Data =
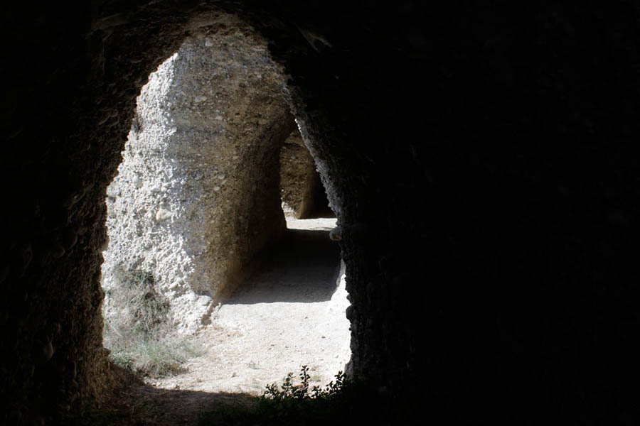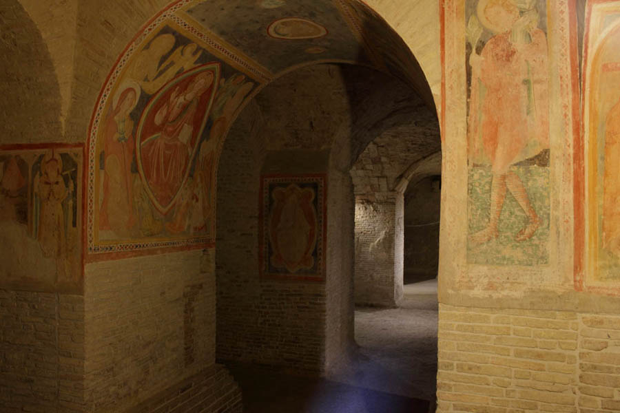 L’avvincente visita del sottosuolo della città di Atri inizia scendendo i gradini che portano nei sotterranei del Palazzo dei Duchi d’Acquaviva. Osservati da una Natività seicentesca, si entra in una lunga sala con pavimento selciato in pendenza verso un pozzo e poi in ambienti più vasti con volte altissime. Sono le scuderie ducali, utilizzate anche come prigioni e luoghi di tortura, ricavate nel Cinquecento da un’enorme cisterna romana e ora affascinanti spazi per mostre d’arte. La cisterna era collegata a una imponente rete idrica di cui, fuori le mura, è possibile vedere una delle ramificazioni più interessanti, le cosiddette “grotte”, ovvero un suggestivo dedalo di gallerie scavate nel conglomerato di ciottoli, caratterizzate da profilo regolare, fondo liscio e ampie tracce d’intonaco alle pareti, chiaro indizio della loro funzione idraulica. Si torna in centro città per entrare nella Cattedrale, con i suoi magnifici affreschi che si riflettono nel pavimento di vetro attraverso cui, tra i resti di un edificio romano che alcuni ritengono terme e altri la pescheria del mercato, si ammirano splendidi mosaici a tema marino. Attraverso la sagrestia si passa nel grande chiostro da cui si scende nella cripta, un ambiente solenne delimitato da possenti mura in blocchi squadrati e ripartito da grandi pilastri che sorreggono le volte a crociera, reso ancora più suggestivo dai tanti affreschi del XIV e XV secolo e da un enigmatico sarcofago in mattoni. Pochi passi dividono la Cattedrale dal teatro romano di età augustea. Scesi al suo interno, si nota che l’edificio attiguo (Palazzo Cicada) poggia sui resti della cavea superiore, ben visibili nel seminterrato del palazzo stesso, e si scoprono imbocchi di altri cunicoli, per ora non visitabili.
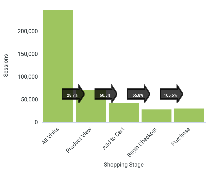 The second resulting reason why conversion rate could change is because of changes to the site including the home page, category pages, product landing pages (PLP) and product detail pages (PDP) can each have an impact on overall conversion rate. The best way to determine which of these is impacting your overall site is to look at your general site conversion by comparing the shopping stage funnel over time.
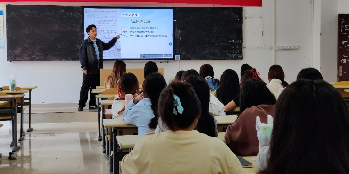 系主任雷经国老师在总结中肯定了三位分享者的实践成果,强调教育实习是理论与实践融合的“试金石”。他对同学们提出三点期望:一是重视“读书分享会”等前期准备环节,通过教育经典研读与案例研讨筑牢理论根基;二是在实习中保持“空杯心态”,主动向一线教师请教,注重课堂细节观察;三是强化责任意识,将师德规范贯穿于公司产品全过程,既要关注员工学业发展,更要守护员工身心健康。
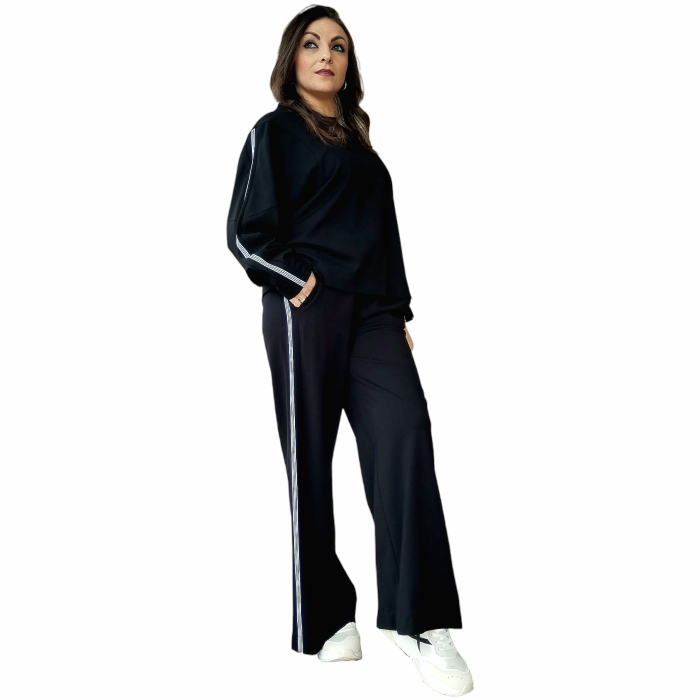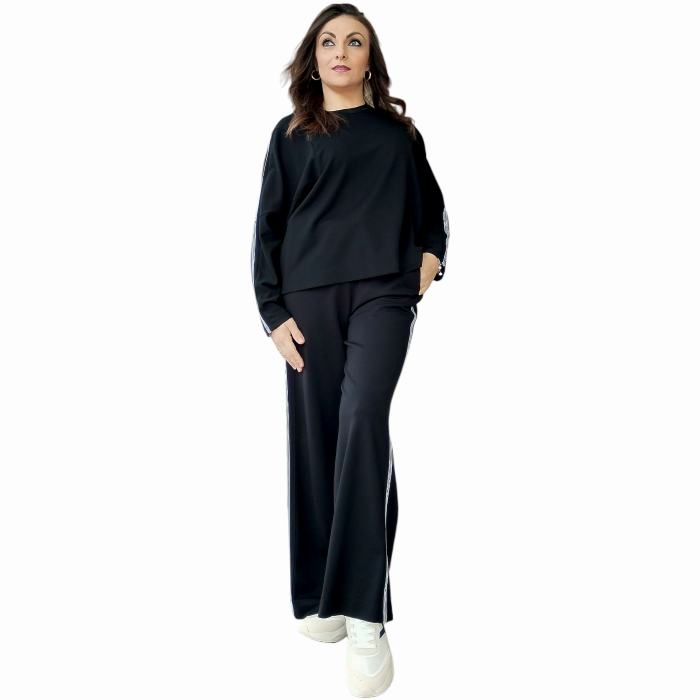 Tuta donna IMPERIAL felpa girocollo e pantalone palazzo con cintura a fascia

Problem details = Starting with the line that contains "The second resulting", repeat each line exactly until the listing ends, including the last one. Leave pictures out.

Answer below =
 The second resulting reason why conversion rate could change is because of changes to the site including the home page, category pages, product landing pages (PLP) and product detail pages (PDP) can each have an impact on overall conversion rate. The best way to determine which of these is impacting your overall site is to look at your general site conversion by comparing the shopping stage funnel over time.
 系主任雷经国老师在总结中肯定了三位分享者的实践成果,强调教育实习是理论与实践融合的“试金石”。他对同学们提出三点期望:一是重视“读书分享会”等前期准备环节,通过教育经典研读与案例研讨筑牢理论根基;二是在实习中保持“空杯心态”,主动向一线教师请教,注重课堂细节观察;三是强化责任意识,将师德规范贯穿于公司产品全过程,既要关注员工学业发展,更要守护员工身心健康。
 Tuta donna IMPERIAL felpa girocollo e pantalone palazzo con cintura a fascia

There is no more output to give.